[[ Information given open ]]

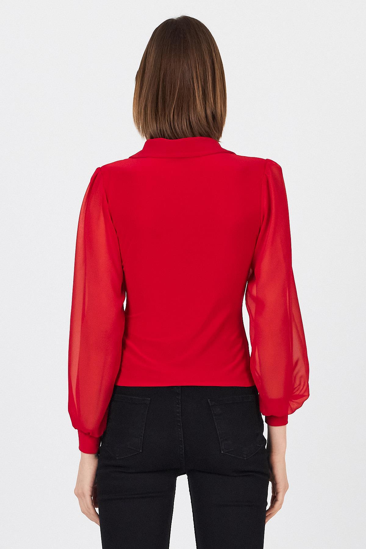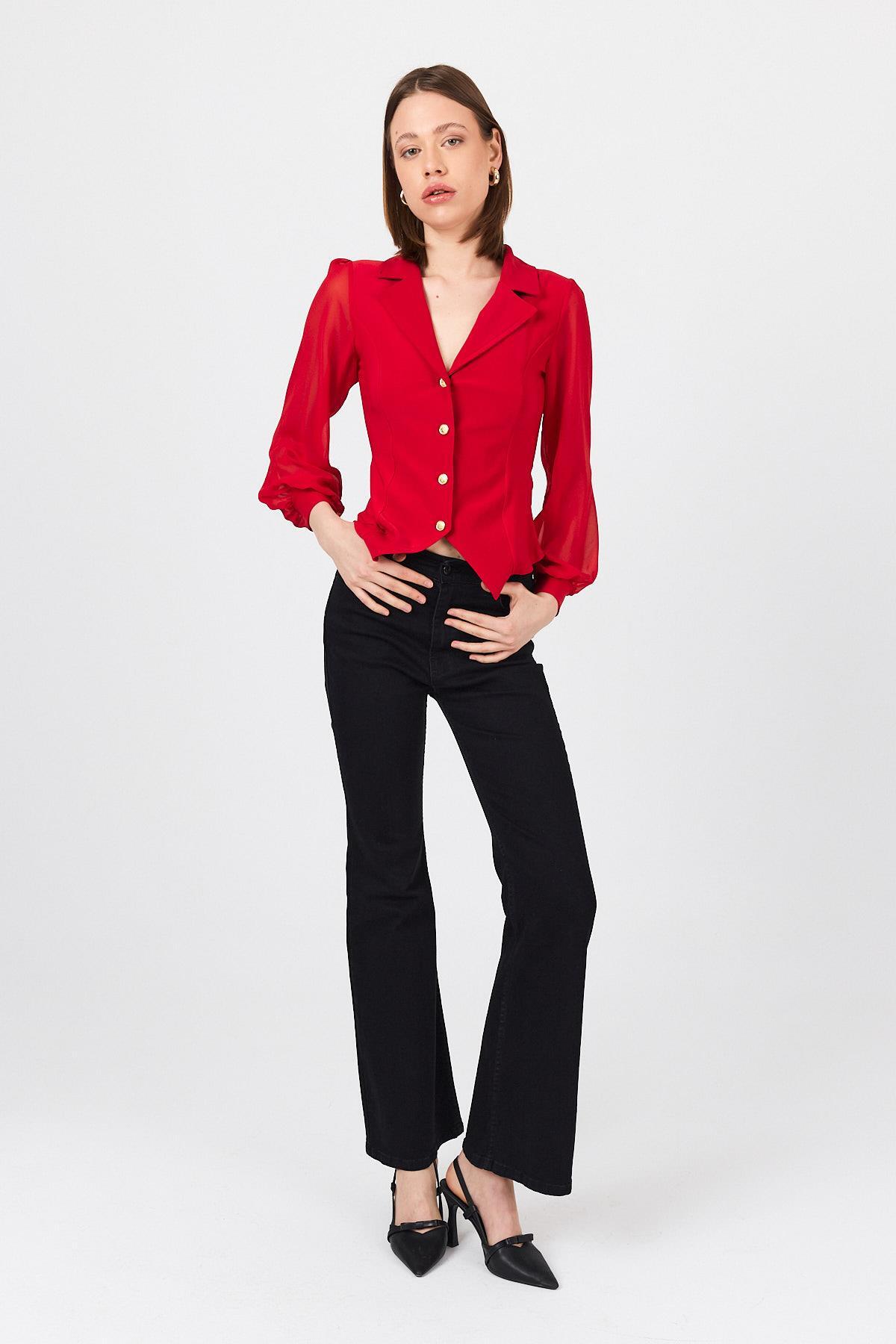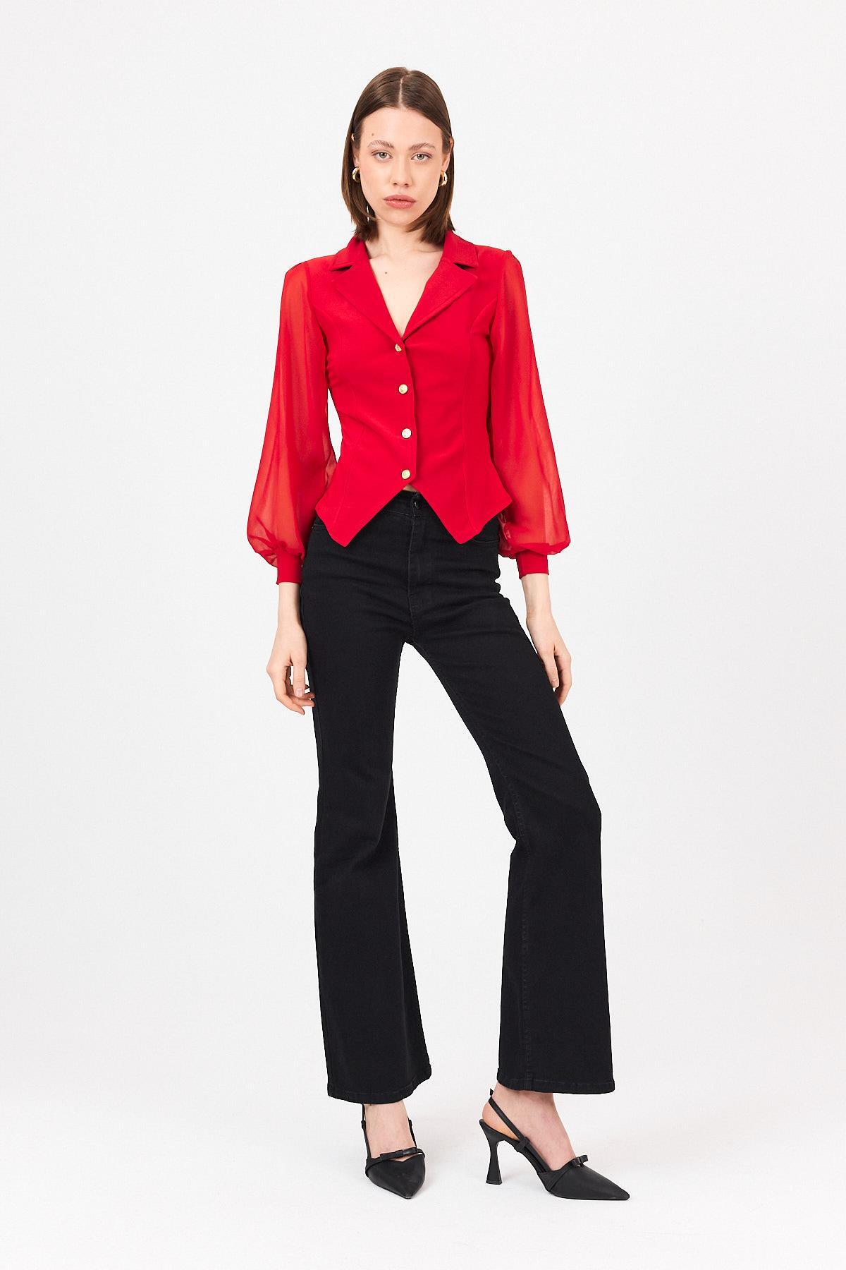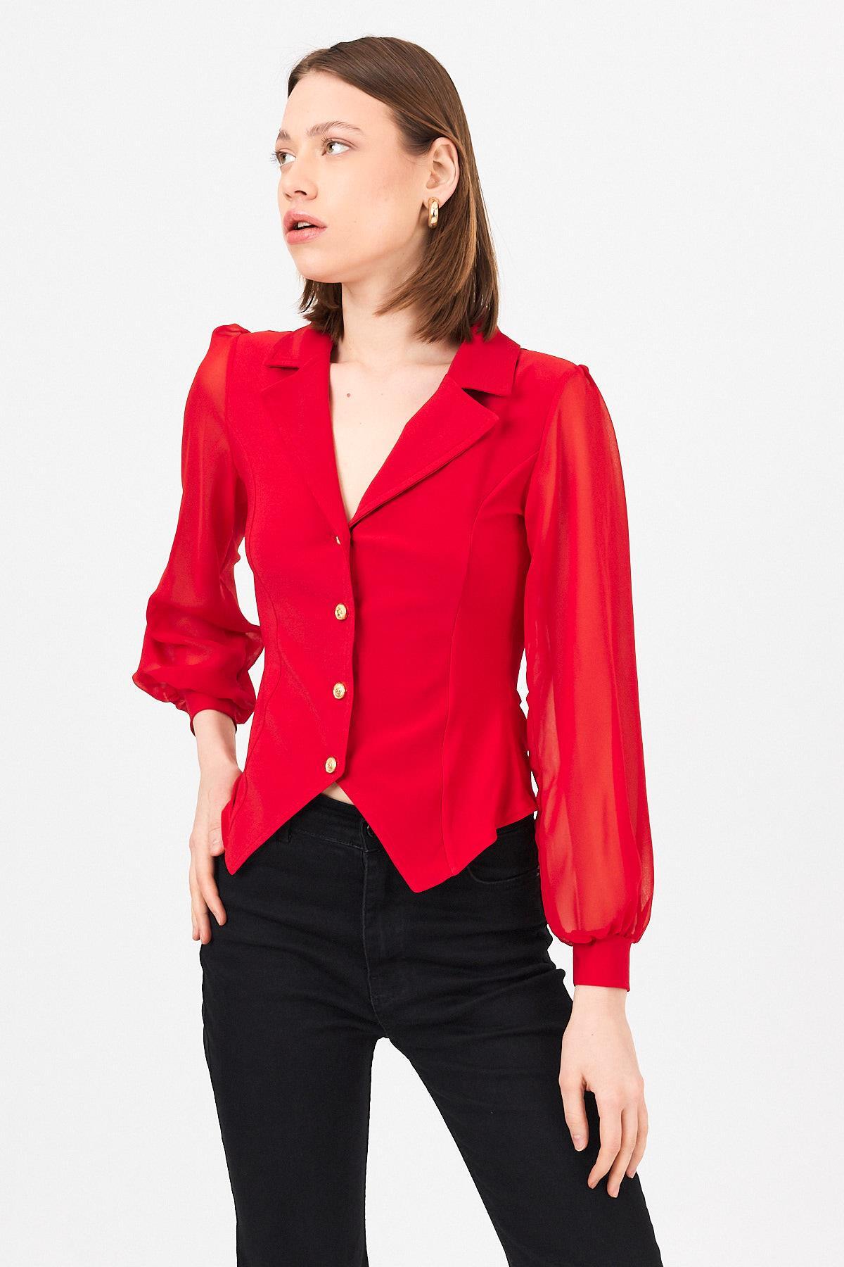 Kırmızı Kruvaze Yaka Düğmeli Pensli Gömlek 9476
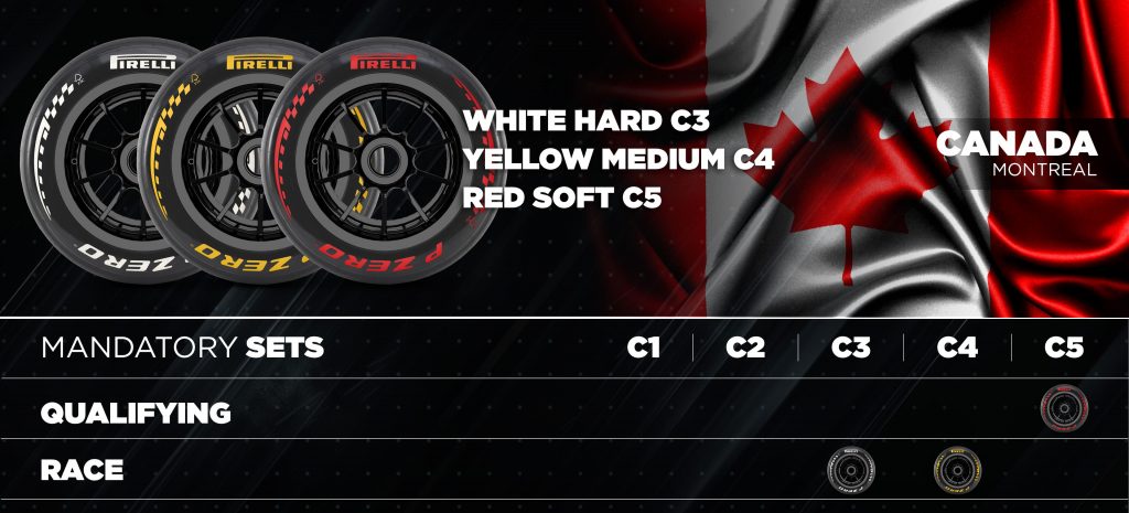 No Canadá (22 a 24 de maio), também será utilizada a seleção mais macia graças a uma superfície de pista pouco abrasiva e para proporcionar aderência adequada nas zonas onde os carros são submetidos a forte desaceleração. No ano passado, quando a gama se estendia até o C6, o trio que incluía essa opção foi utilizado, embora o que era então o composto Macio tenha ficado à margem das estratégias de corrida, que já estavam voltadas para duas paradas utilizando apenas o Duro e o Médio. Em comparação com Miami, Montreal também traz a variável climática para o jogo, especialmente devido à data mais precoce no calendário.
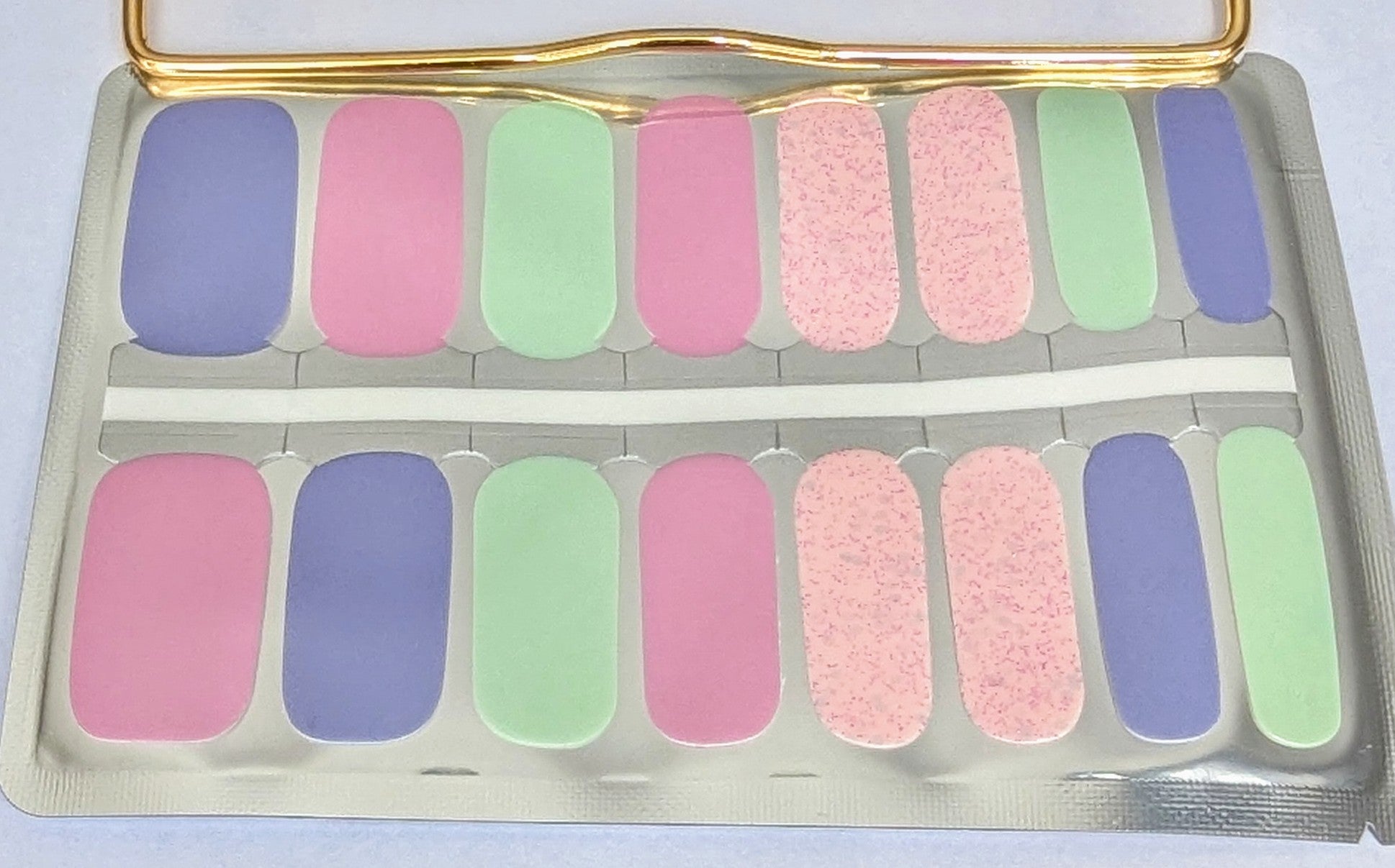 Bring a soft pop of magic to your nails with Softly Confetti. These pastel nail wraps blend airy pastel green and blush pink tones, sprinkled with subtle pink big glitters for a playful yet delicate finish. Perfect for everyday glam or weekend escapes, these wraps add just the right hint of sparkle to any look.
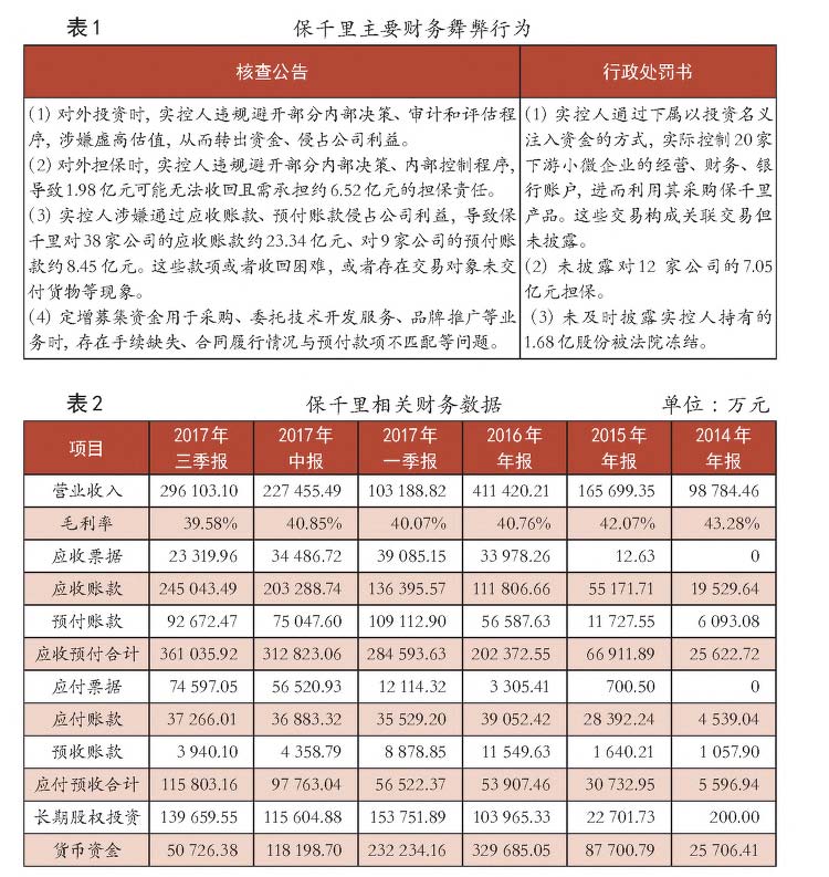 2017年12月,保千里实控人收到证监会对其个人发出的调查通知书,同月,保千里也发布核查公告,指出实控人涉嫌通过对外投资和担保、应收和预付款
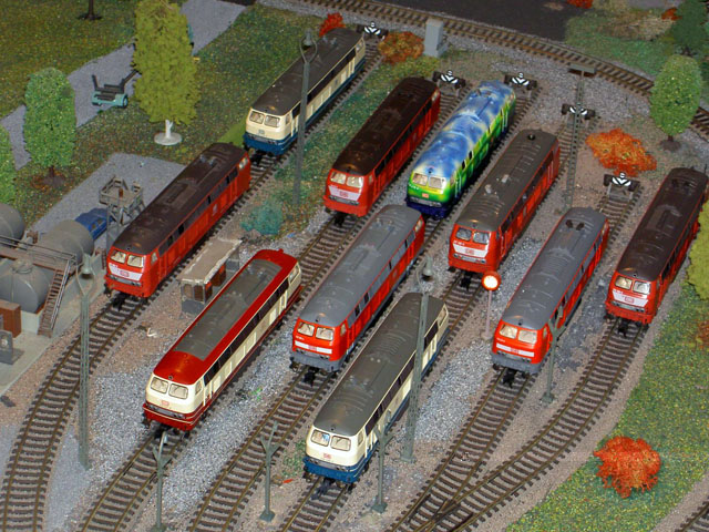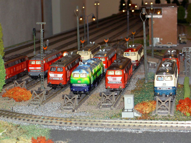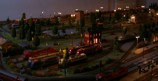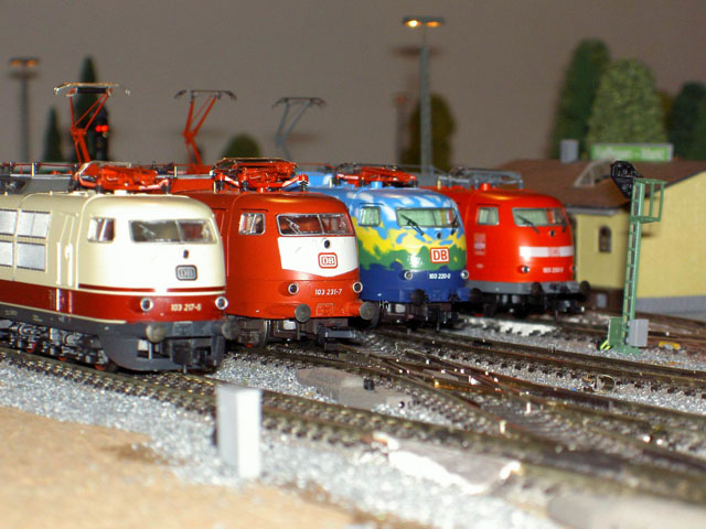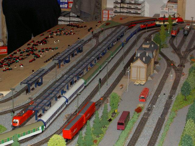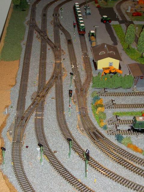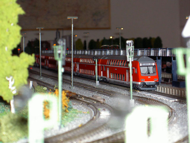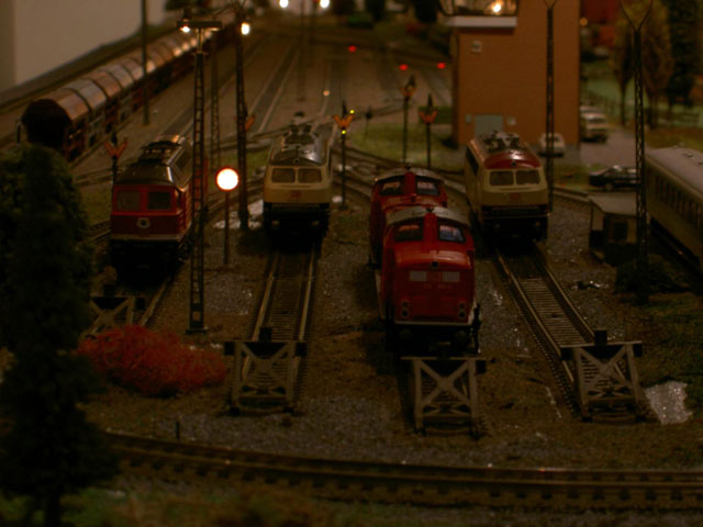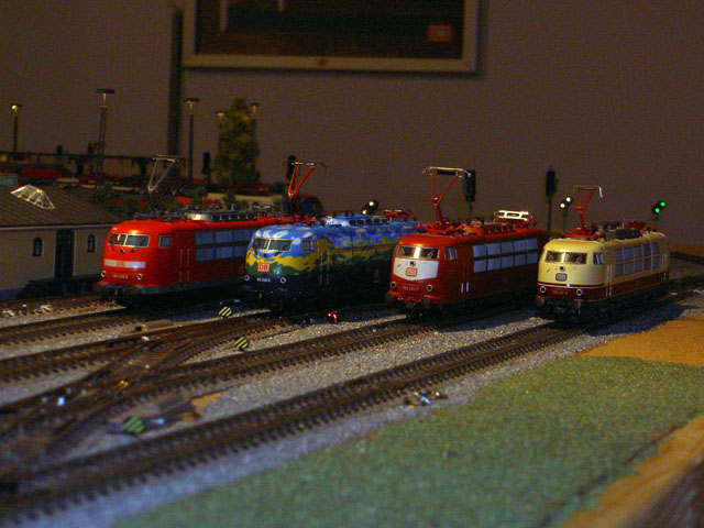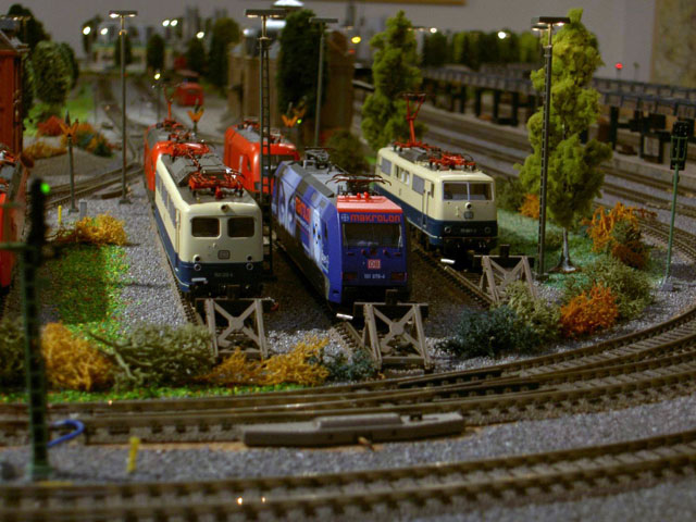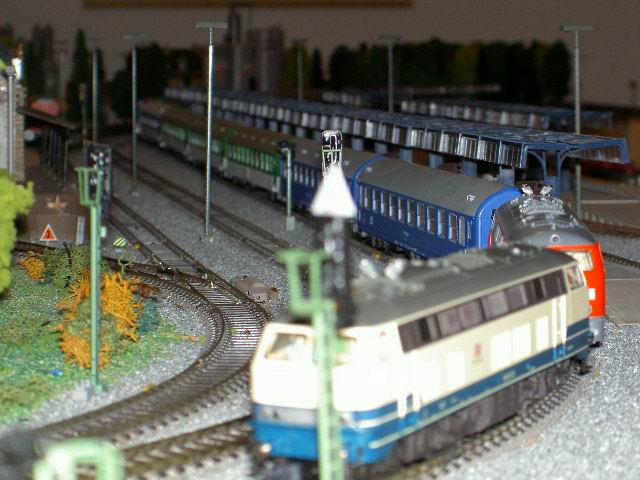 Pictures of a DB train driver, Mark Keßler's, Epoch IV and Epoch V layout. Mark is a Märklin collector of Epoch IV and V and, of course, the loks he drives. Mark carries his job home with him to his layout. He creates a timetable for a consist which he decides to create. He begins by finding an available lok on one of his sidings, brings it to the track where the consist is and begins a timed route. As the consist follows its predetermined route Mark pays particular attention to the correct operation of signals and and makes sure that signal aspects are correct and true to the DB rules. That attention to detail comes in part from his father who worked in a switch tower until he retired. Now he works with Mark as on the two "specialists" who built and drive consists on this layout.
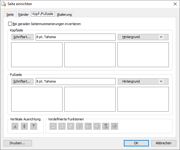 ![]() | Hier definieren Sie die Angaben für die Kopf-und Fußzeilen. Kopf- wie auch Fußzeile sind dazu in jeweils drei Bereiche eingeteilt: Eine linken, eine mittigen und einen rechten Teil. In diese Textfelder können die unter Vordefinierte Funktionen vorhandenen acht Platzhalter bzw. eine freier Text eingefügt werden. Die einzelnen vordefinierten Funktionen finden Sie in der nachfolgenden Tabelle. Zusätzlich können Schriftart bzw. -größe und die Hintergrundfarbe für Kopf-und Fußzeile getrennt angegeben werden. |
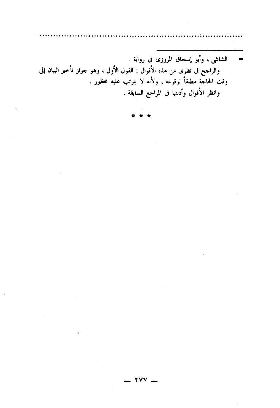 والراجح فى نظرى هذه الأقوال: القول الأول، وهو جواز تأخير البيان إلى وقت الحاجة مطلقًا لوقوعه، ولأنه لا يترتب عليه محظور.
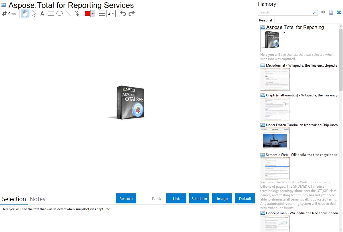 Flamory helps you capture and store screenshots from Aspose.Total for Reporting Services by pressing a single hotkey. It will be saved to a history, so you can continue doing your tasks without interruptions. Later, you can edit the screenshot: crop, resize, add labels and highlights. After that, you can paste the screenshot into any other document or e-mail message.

[[ Information given closed ]]

Leaving out the pictures, print exactly and only the lines from the one containing "Pictures of a" through the last line of the records.

• _Exercise result_:
 Pictures of a DB train driver, Mark Keßler's, Epoch IV and Epoch V layout. Mark is a Märklin collector of Epoch IV and V and, of course, the loks he drives. Mark carries his job home with him to his layout. He creates a timetable for a consist which he decides to create. He begins by finding an available lok on one of his sidings, brings it to the track where the consist is and begins a timed route. As the consist follows its predetermined route Mark pays particular attention to the correct operation of signals and and makes sure that signal aspects are correct and true to the DB rules. That attention to detail comes in part from his father who worked in a switch tower until he retired. Now he works with Mark as on the two "specialists" who built and drive consists on this layout.
 ![]() | Hier definieren Sie die Angaben für die Kopf-und Fußzeilen. Kopf- wie auch Fußzeile sind dazu in jeweils drei Bereiche eingeteilt: Eine linken, eine mittigen und einen rechten Teil. In diese Textfelder können die unter Vordefinierte Funktionen vorhandenen acht Platzhalter bzw. eine freier Text eingefügt werden. Die einzelnen vordefinierten Funktionen finden Sie in der nachfolgenden Tabelle. Zusätzlich können Schriftart bzw. -größe und die Hintergrundfarbe für Kopf-und Fußzeile getrennt angegeben werden. |
 والراجح فى نظرى هذه الأقوال: القول الأول، وهو جواز تأخير البيان إلى وقت الحاجة مطلقًا لوقوعه، ولأنه لا يترتب عليه محظور.
 Flamory helps you capture and store screenshots from Aspose.Total for Reporting Services by pressing a single hotkey. It will be saved to a history, so you can continue doing your tasks without interruptions. Later, you can edit the screenshot: crop, resize, add labels and highlights. After that, you can paste the screenshot into any other document or e-mail message.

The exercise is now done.